With Steve Chong Finds Out That Suicide Is a Bad Idea, director Charlie LaVoy reveals himself to be a promising young talent, even if his film falters from a cliché, underdeveloped script and a wet-behind-the-ears leading man.

Stanley Wong plays the college-age Steve Chong, a mopey, self-described failure who, in order to overcome his depression for a weekend, calls upon his college buddies to partake in a college-style lake house weekend, despite the fact that they are all suffering from variations on a wincingly post-college malaise. Clearly an attempt to capture the inevitable depression that creeps into every direction-less college graduate in his or her (in this case, His with a capital H – more on that later) first foray into the “real world”, …Suicide is a Bad Idea places limitations on its own narrow scope by failing to ever address the world that exists beyond Steve’s psyche or the Hangover-style shenanigans of four dudes at a lake house.

And Four Dudes at a Lake House could have easily served as an alternate title. Working on an obvious shoestring budget, the vast majority of the film focuses on the bonding that takes place between Steve and his burly, bearded buds, John, Chris, and Tom, as they inhabit a lake house owned by Steve’s parents for the weekend. This backdrop wouldn’t be all that problematic, save for the fact that the script never advances the narrative quickly enough, and moments like Steve’s friends forming a search party to find him, or John attempting to confront Steve about his recent bout with sadness, feel clunky, undeveloped, and occasionally just plain unnecessary. In a film this low-budget, a brisk, tightly-constructed script could allow the viewer to forgive and forget shortcomings in aesthetic qualities like set design or costume, but instead this film’s slowly-paced narrative forces us to dwell on them.

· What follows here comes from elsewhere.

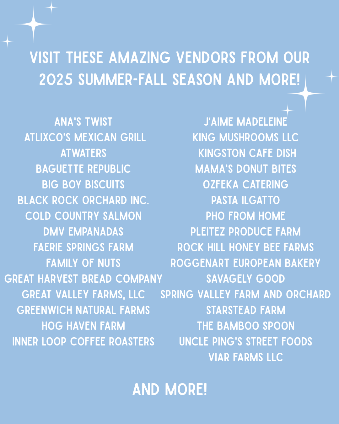 Field to Table hosts four local farmers markets in the Arlington, Virginia area that provide goods grown, harvested, or produced within 125 miles of the markets. We are committed to providing fresh, high-quality products while facilitating a welcoming community atmosphere.
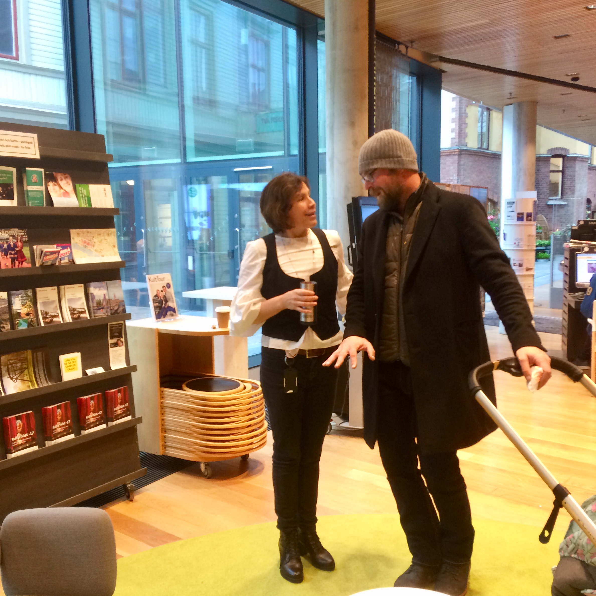 Foto av Linus Cadavid-Stridh och Emil Romano i Kommunhörnan på Väven.

Luckily LaVoy’s camera work is often compelling enough to wring some degree of profundity out of this story despite the misgivings of the script. Exterior shots of the lake house setting help set the tone of certain scenes, and LaVoy possesses a natural talent for visual storytelling, with nearly every cue, cut, mise-en-scene, and expert use of indie music enhancing his narrative rather than confusing or detracting from it.

Another high point of the film is the acting by the supporting cast of Joe Sokmen, Owen Hornstein III, and Tyler Russell, who make the most of the script’s low-brow college humor with some definitive on-screen chemistry. When they locate Steve’s pathetic attempts at suicide letters on a computer, they transform an otherwise crass scene into something legitimately funny.

Unfortunately the same can’t be said for Stanley Wong, who simply lacks enough thespian skill or star appeal to carry a feature-length film in the title role. The script wisely shifts perspective midway through, allowing his character to fade into the background while his three wily companions invade the foreground to wrestle with both Steve’s and their own various conflicts.

Sadly, Jenn Foreman as Alice, whose screen presence conveys genuine emotion and charm, shoulders the unenviable task of adding substance to the lead female role in a film whose mishandling of women (yes, pun intended) is at best shamelessly juvenile, and at worst downright misogynist. Alice’s closing salvo somehow manages to paint women as uncaring, fickle, pleasure-driven, and prudish, all at the same time. Throughout the rest of the film, her and the other female characters function as little more than one night stands or romanticized objects of male yearning. While the character of Tom embodies just as many shallow, reprehensible traits as Alice, his character is rounded out by a genuine brotherly love for Steve and the noble intentions that go along with it. This luxury is never afforded to the character of Alice, which makes the fact that she is the only female with more than two minutes of screen time extremely regrettable.

With a host directorial flourishes and some great young talent represented in its supporting cast, Steve Chong Finds Out That Suicide Is a Bad Idea serves as a fine showcase for a few eager, up-and-coming actors and filmmakers. Harboring any expectations for the film beyond that, however, is simply a bad idea.